ACTIVITY –
Excluding images, repeat the data exactly as given.
——————
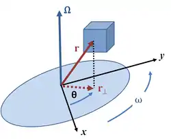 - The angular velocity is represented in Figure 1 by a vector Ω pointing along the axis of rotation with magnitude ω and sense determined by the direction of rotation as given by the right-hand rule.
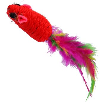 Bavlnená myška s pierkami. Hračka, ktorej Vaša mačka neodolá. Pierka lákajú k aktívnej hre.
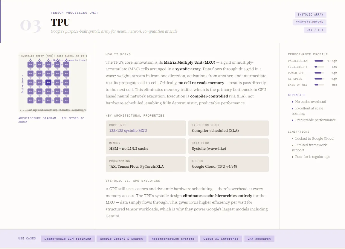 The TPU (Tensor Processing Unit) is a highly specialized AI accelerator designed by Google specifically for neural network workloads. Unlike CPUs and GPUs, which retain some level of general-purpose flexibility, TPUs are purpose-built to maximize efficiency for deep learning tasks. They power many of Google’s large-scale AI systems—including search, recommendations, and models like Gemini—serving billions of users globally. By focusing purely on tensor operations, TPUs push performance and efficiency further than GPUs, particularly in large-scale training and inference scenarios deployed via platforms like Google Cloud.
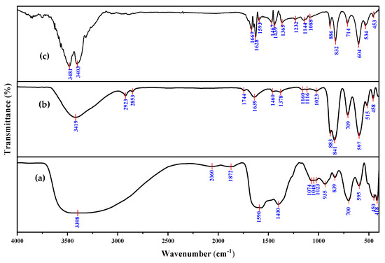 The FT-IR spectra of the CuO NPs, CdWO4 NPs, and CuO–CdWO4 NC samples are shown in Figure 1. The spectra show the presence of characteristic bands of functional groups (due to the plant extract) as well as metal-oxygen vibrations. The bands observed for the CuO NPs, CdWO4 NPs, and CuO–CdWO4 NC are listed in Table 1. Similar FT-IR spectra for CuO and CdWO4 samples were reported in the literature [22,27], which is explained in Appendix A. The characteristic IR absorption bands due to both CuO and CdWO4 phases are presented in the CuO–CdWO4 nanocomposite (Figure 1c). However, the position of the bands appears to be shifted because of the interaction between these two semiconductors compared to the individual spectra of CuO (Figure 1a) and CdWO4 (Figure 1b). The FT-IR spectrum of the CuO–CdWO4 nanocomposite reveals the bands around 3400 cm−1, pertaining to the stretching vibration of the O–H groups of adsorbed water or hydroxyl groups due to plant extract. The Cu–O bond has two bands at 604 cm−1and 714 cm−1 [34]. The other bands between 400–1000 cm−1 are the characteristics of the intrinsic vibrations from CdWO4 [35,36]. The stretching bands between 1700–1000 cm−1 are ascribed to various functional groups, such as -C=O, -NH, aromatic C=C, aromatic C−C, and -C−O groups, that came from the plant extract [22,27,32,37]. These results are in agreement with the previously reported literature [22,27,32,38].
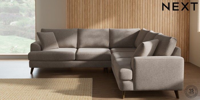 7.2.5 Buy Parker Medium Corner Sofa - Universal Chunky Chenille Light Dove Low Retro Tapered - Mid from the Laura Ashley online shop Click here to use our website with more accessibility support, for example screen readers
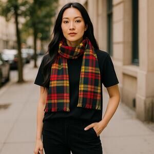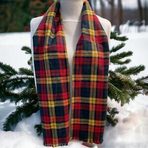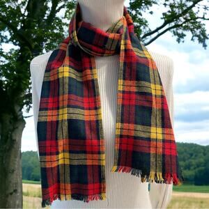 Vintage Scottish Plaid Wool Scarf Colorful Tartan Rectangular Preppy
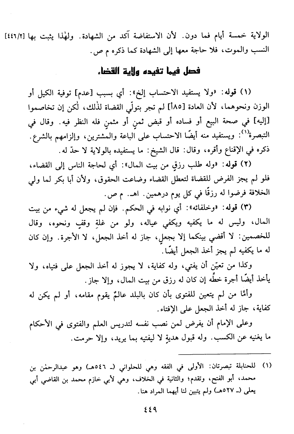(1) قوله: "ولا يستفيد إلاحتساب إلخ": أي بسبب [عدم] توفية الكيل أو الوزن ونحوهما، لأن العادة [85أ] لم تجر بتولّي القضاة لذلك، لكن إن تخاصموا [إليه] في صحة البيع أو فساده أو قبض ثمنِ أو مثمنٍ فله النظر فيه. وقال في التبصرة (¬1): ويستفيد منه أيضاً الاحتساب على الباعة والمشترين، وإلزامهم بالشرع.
——————
ANSWER AREA –
 - The angular velocity is represented in Figure 1 by a vector Ω pointing along the axis of rotation with magnitude ω and sense determined by the direction of rotation as given by the right-hand rule.
 Bavlnená myška s pierkami. Hračka, ktorej Vaša mačka neodolá. Pierka lákajú k aktívnej hre.
 The TPU (Tensor Processing Unit) is a highly specialized AI accelerator designed by Google specifically for neural network workloads. Unlike CPUs and GPUs, which retain some level of general-purpose flexibility, TPUs are purpose-built to maximize efficiency for deep learning tasks. They power many of Google’s large-scale AI systems—including search, recommendations, and models like Gemini—serving billions of users globally. By focusing purely on tensor operations, TPUs push performance and efficiency further than GPUs, particularly in large-scale training and inference scenarios deployed via platforms like Google Cloud.
 The FT-IR spectra of the CuO NPs, CdWO4 NPs, and CuO–CdWO4 NC samples are shown in Figure 1. The spectra show the presence of characteristic bands of functional groups (due to the plant extract) as well as metal-oxygen vibrations. The bands observed for the CuO NPs, CdWO4 NPs, and CuO–CdWO4 NC are listed in Table 1. Similar FT-IR spectra for CuO and CdWO4 samples were reported in the literature [22,27], which is explained in Appendix A. The characteristic IR absorption bands due to both CuO and CdWO4 phases are presented in the CuO–CdWO4 nanocomposite (Figure 1c). However, the position of the bands appears to be shifted because of the interaction between these two semiconductors compared to the individual spectra of CuO (Figure 1a) and CdWO4 (Figure 1b). The FT-IR spectrum of the CuO–CdWO4 nanocomposite reveals the bands around 3400 cm−1, pertaining to the stretching vibration of the O–H groups of adsorbed water or hydroxyl groups due to plant extract. The Cu–O bond has two bands at 604 cm−1and 714 cm−1 [34]. The other bands between 400–1000 cm−1 are the characteristics of the intrinsic vibrations from CdWO4 [35,36]. The stretching bands between 1700–1000 cm−1 are ascribed to various functional groups, such as -C=O, -NH, aromatic C=C, aromatic C−C, and -C−O groups, that came from the plant extract [22,27,32,37]. These results are in agreement with the previously reported literature [22,27,32,38].
 7.2.5 Buy Parker Medium Corner Sofa - Universal Chunky Chenille Light Dove Low Retro Tapered - Mid from the Laura Ashley online shop Click here to use our website with more accessibility support, for example screen readers
 Vintage Scottish Plaid Wool Scarf Colorful Tartan Rectangular Preppy
(1) قوله: "ولا يستفيد إلاحتساب إلخ": أي بسبب [عدم] توفية الكيل أو الوزن ونحوهما، لأن العادة [85أ] لم تجر بتولّي القضاة لذلك، لكن إن تخاصموا [إليه] في صحة البيع أو فساده أو قبض ثمنِ أو مثمنٍ فله النظر فيه. وقال في التبصرة (¬1): ويستفيد منه أيضاً الاحتساب على الباعة والمشترين، وإلزامهم بالشرع.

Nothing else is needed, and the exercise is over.